Вскоре все выяснилось. Распевала компания молодых китов-трубадуров, настоящих жителей экваториальной литорали, как они гордо представились. «Парень! Здесь прекрасное место для жизни!» Полосатик не мог понять, это такая шутка? Но его тепло приняли, и он был благодарен. Они не уставали повторять свою балладу о путешествии из тропиков к полярным водам, но кое-что в ней поменяли. Теперь в ней больше пелось о наслаждении жизнью и о том, как хорошо вообще никуда не ходить. Когда Полосатик пытался расспрашивать, почему с ними нет других родичей, куда подевались самки, молодняк и старейшины, они только начинали петь громче. В песне очень много места отводилось восхвалению прекрасной еды и воды, а остальная часть посвящалась будущим подвигам в схватках за самок.
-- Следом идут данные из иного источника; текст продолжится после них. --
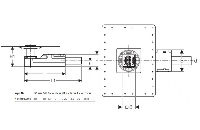 Душевой трап Geberit CleanLine 154.050.00.1 высота 90мм

У молодого Полосатика никого не осталось, так что спешить ему было просто некуда. Беда заключалась в том, что он больше не мог петь. Голос как будто застрял где-то в глубине его большого тела и так и не вернулся. Но здесь немому было не место. Однако, кроме гулкого рокота откуда-то из желудка, он больше ничем не мог порадовать свою новую компанию. Когда он зарокотал впервые, они поразились силе звука и поняли, что он не прочь присоединиться к ним, и выразили поддержку. Он слушал их трели на грани фальцета – все, что позволял им небольшой домашний диапазон, – и нашел их музыку банальной и слащавой. Однажды его все-таки спросили, почему он сам не поет. Он не смог ответить и только повторял свою единственную довольно монотонную партию. Ответ не удовлетворил. Они посовещались и решили: «Спой нам!»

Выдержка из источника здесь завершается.